*** Opening of Source data ***

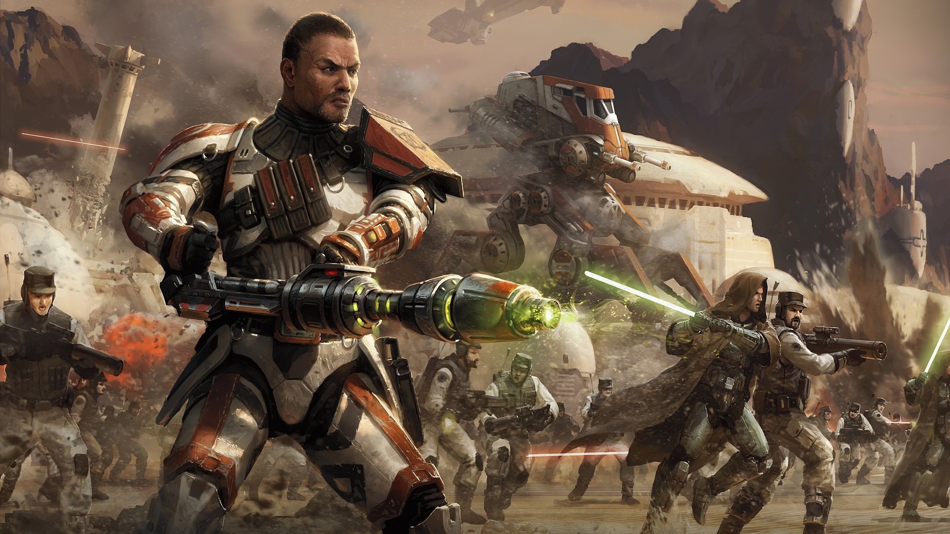 Guerra, batalla de fantasía en el fondo de las montañas
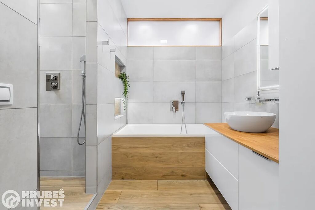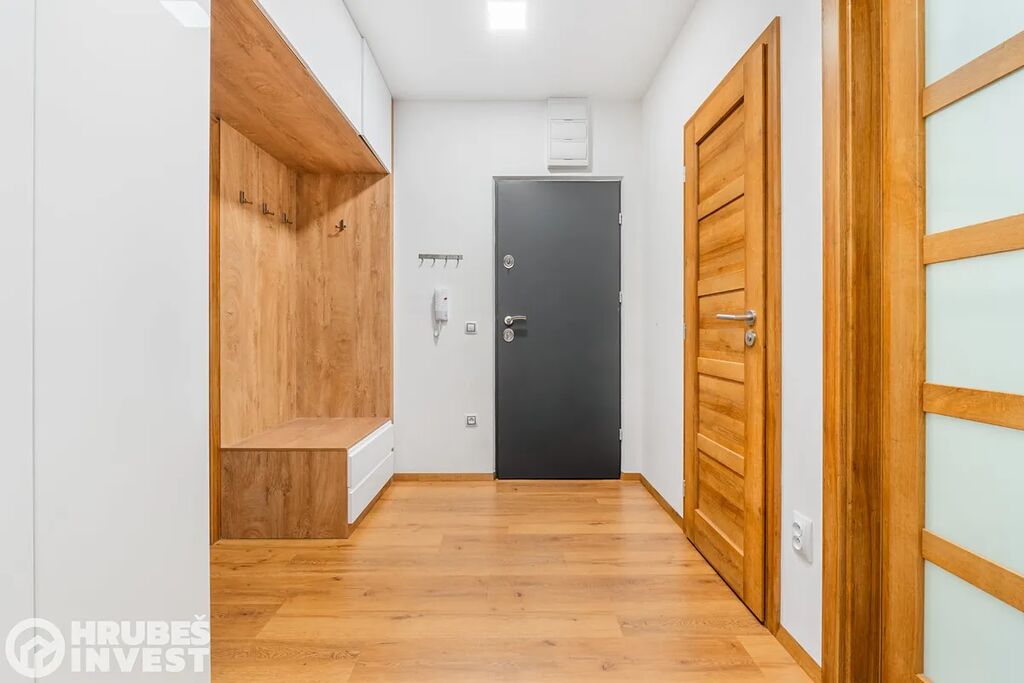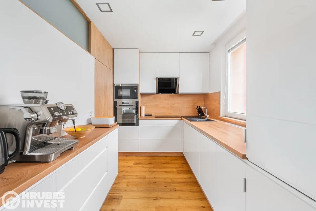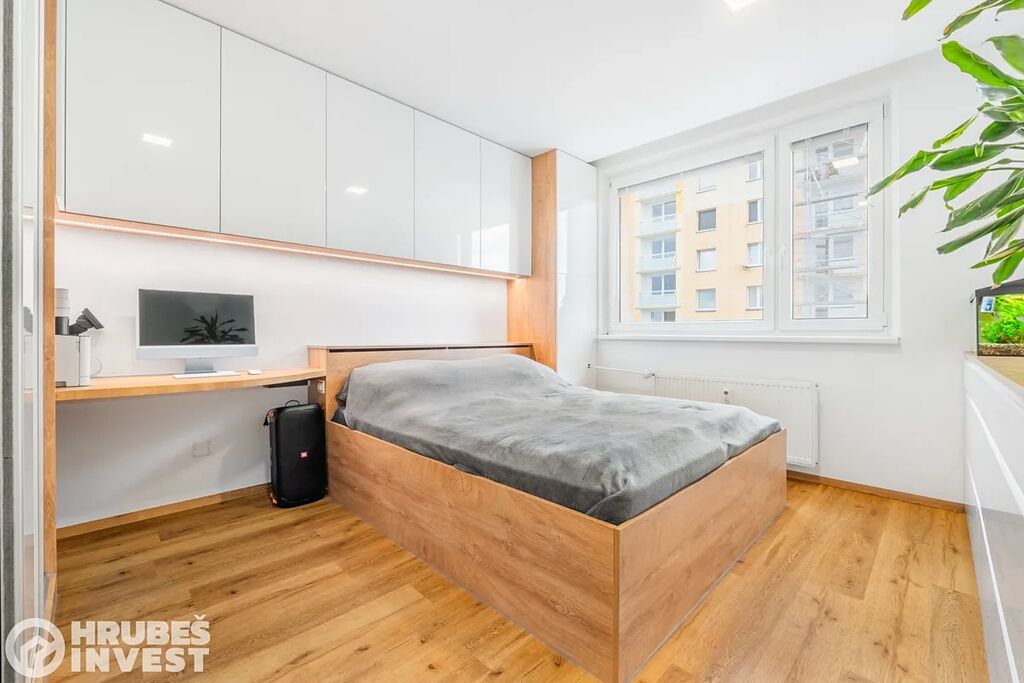 Byt o dispozici 3+kk se nachází v 5. nadzemním podlaží panelového domu s výtahem, který prošel kompletní rekonstrukcí v roce 2019. Tady je opravdu vše promyšlené do detailu – od vestavěných skříní, skryté komory až po elegantní koupelnu, kde najdete vanu i sprchový kout.
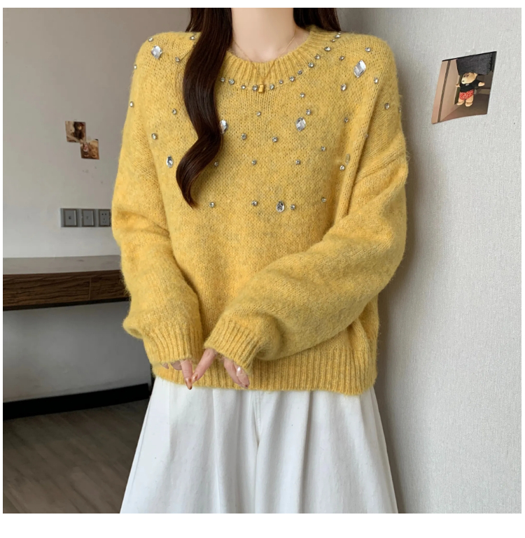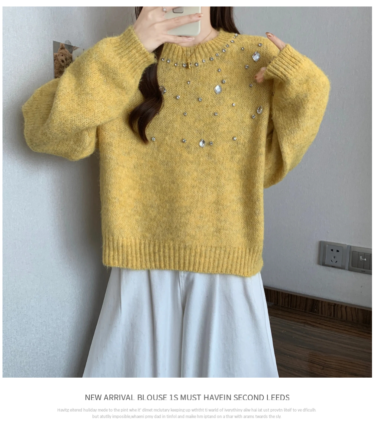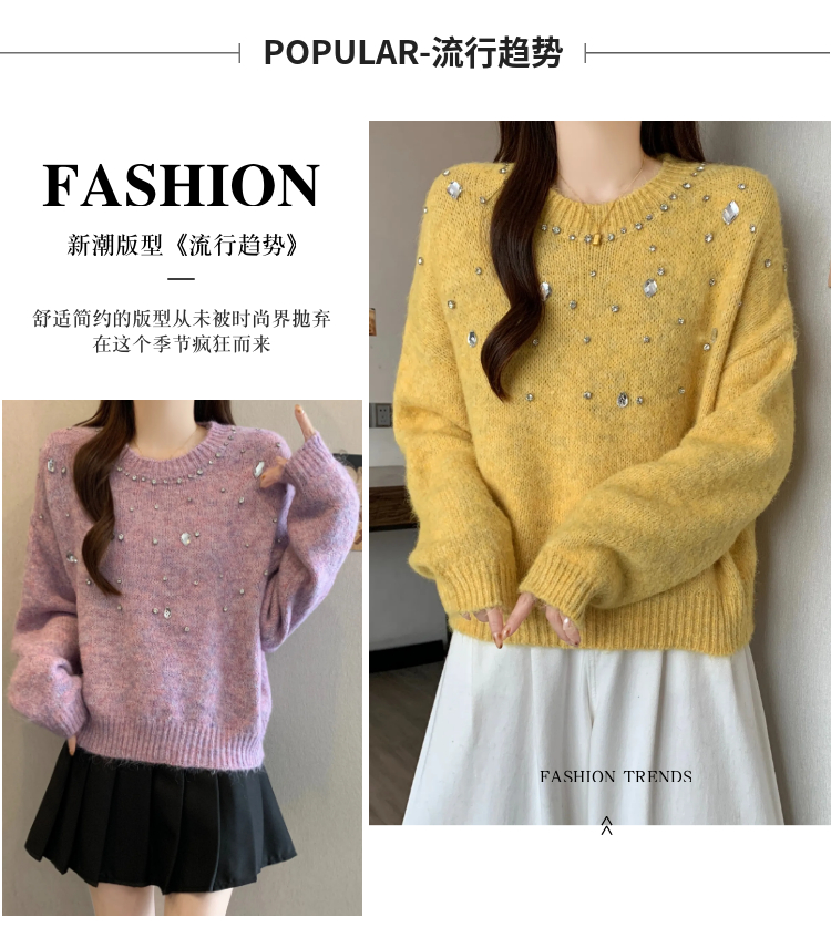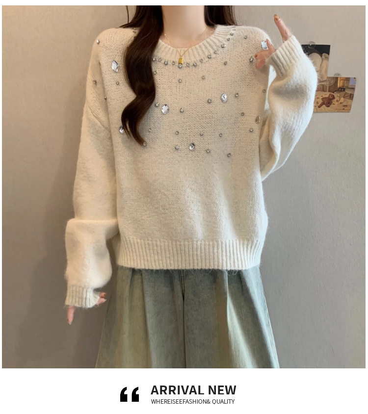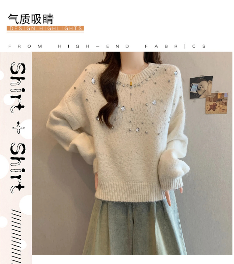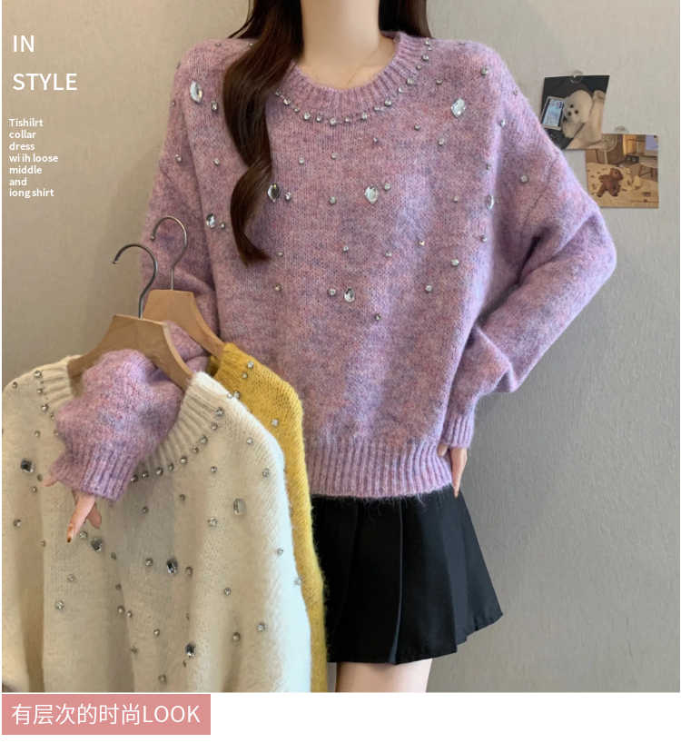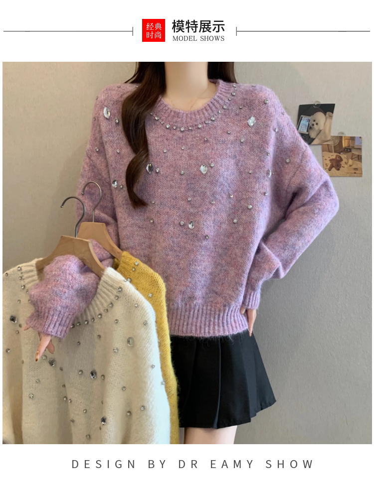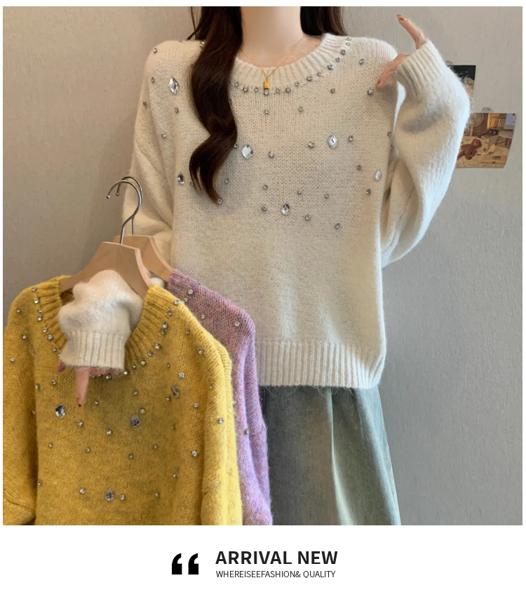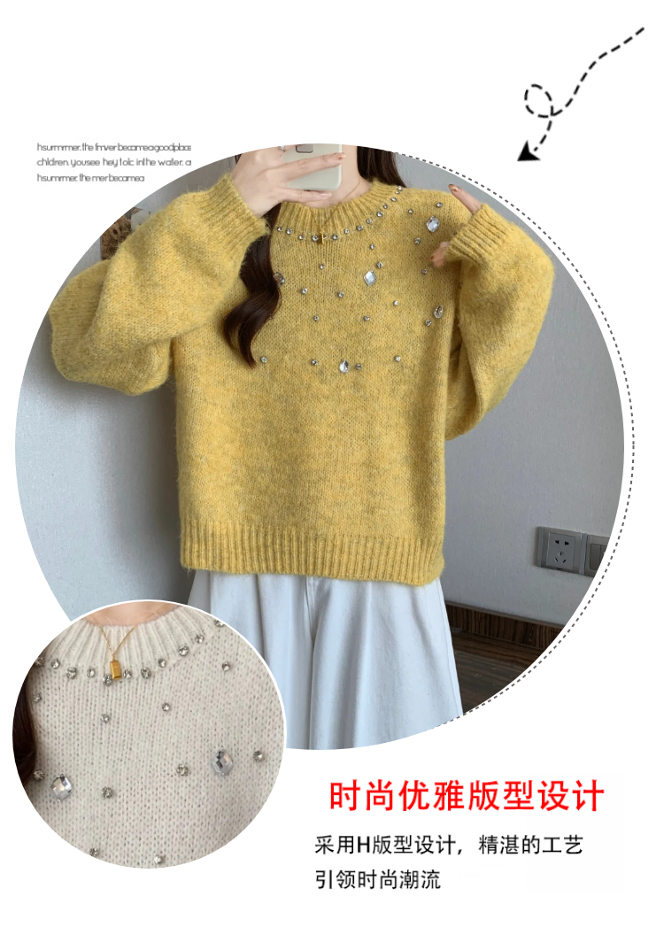 MY14438# 大码烫钻针织衫毛衣女款慵懒风休闲宽松显瘦巨好看毛衣女女裝貨源服裝批發
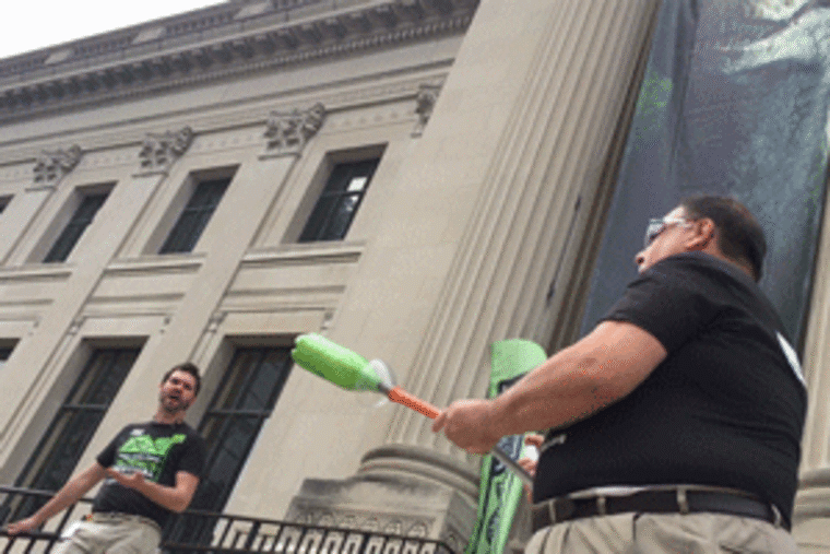 Joe Talento gave an explosive preview of the seventh annual Philadelphia Science Festival, firing plastic bottle rockets from the front steps of the Franklin Institute.
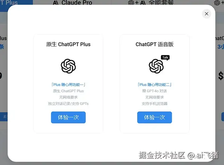 然后我们来到支持应用的页面,有 ChatGPT,Claude 以及 OpenAI API,点击对应我们需要体验使用的
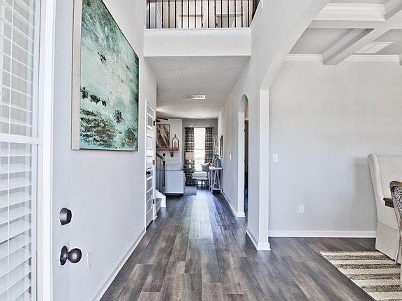 Open concept kitchen with walk-in pantry, oversized island overlooking the breakfast area and family room.Dining room with coffered ceilings.Primary suite with sitting area, expansive walk-in closet, dual vanity, tub and oversized shower in primary suite's bath.Upper level loft is perfect for entertaining.Mud room and large upper-level laundry.Private guest bedroom/study is spacious and bright, perfect for a home office.
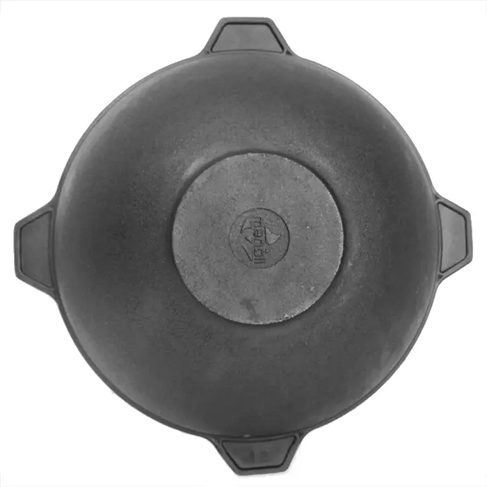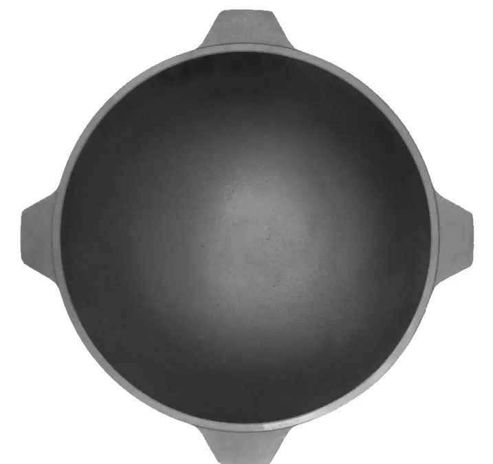 Внутренняя поверхность чугунного казана имеет сферическую, классическую округлую форму, а внешняя сторона казана плоская, что позволяет ему быть устойчивым на любой поверхности, диаметр плоского дна 12 см. Такая форма чугунного казана делает его пригодным для любых условий. Внутренняя поверхность казана абсолютно гладкая без шероховатостей и каверн.
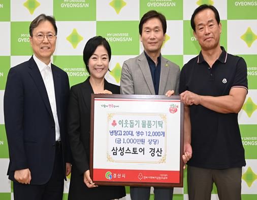 한편, 삼성스토어 경산점은 2022년과 2023년 각 1,000만원을 경산시 지역사랑보장협의체에 기부했으며, 올해는 폭염나기 냉장고와 생수를 기탁하여 이웃사랑 나눔을 계속 이어오고 있다.
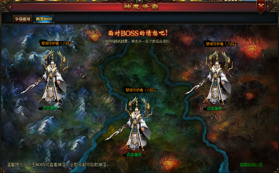 e)玩家以帮派为单位争夺BOSS,全帮派成员都可拾取BOSS掉落。
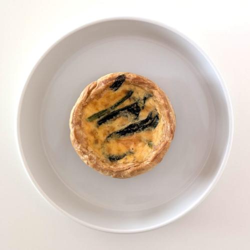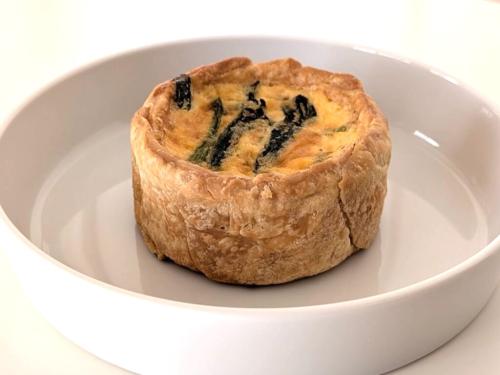 2つ目は「サーモンとほうれん草のキッシュ」(税込435円)。スモークサーモンとバターソテーしたほうれん草が入っており、ほどよい塩気とコクのある味わいを楽しめます。

*** Close of Source data ***

• What you should do: Drop every picture and repeat the rest of the entries exactly.

• Result for this task:
 Guerra, batalla de fantasía en el fondo de las montañas
 Byt o dispozici 3+kk se nachází v 5. nadzemním podlaží panelového domu s výtahem, který prošel kompletní rekonstrukcí v roce 2019. Tady je opravdu vše promyšlené do detailu – od vestavěných skříní, skryté komory až po elegantní koupelnu, kde najdete vanu i sprchový kout.
 MY14438# 大码烫钻针织衫毛衣女款慵懒风休闲宽松显瘦巨好看毛衣女女裝貨源服裝批發
 Joe Talento gave an explosive preview of the seventh annual Philadelphia Science Festival, firing plastic bottle rockets from the front steps of the Franklin Institute.
 然后我们来到支持应用的页面,有 ChatGPT,Claude 以及 OpenAI API,点击对应我们需要体验使用的
 Open concept kitchen with walk-in pantry, oversized island overlooking the breakfast area and family room.Dining room with coffered ceilings.Primary suite with sitting area, expansive walk-in closet, dual vanity, tub and oversized shower in primary suite's bath.Upper level loft is perfect for entertaining.Mud room and large upper-level laundry.Private guest bedroom/study is spacious and bright, perfect for a home office.
 Внутренняя поверхность чугунного казана имеет сферическую, классическую округлую форму, а внешняя сторона казана плоская, что позволяет ему быть устойчивым на любой поверхности, диаметр плоского дна 12 см. Такая форма чугунного казана делает его пригодным для любых условий. Внутренняя поверхность казана абсолютно гладкая без шероховатостей и каверн.
 한편, 삼성스토어 경산점은 2022년과 2023년 각 1,000만원을 경산시 지역사랑보장협의체에 기부했으며, 올해는 폭염나기 냉장고와 생수를 기탁하여 이웃사랑 나눔을 계속 이어오고 있다.
 e)玩家以帮派为单位争夺BOSS,全帮派成员都可拾取BOSS掉落。
 2つ目は「サーモンとほうれん草のキッシュ」(税込435円)。スモークサーモンとバターソテーしたほうれん草が入っており、ほどよい塩気とコクのある味わいを楽しめます。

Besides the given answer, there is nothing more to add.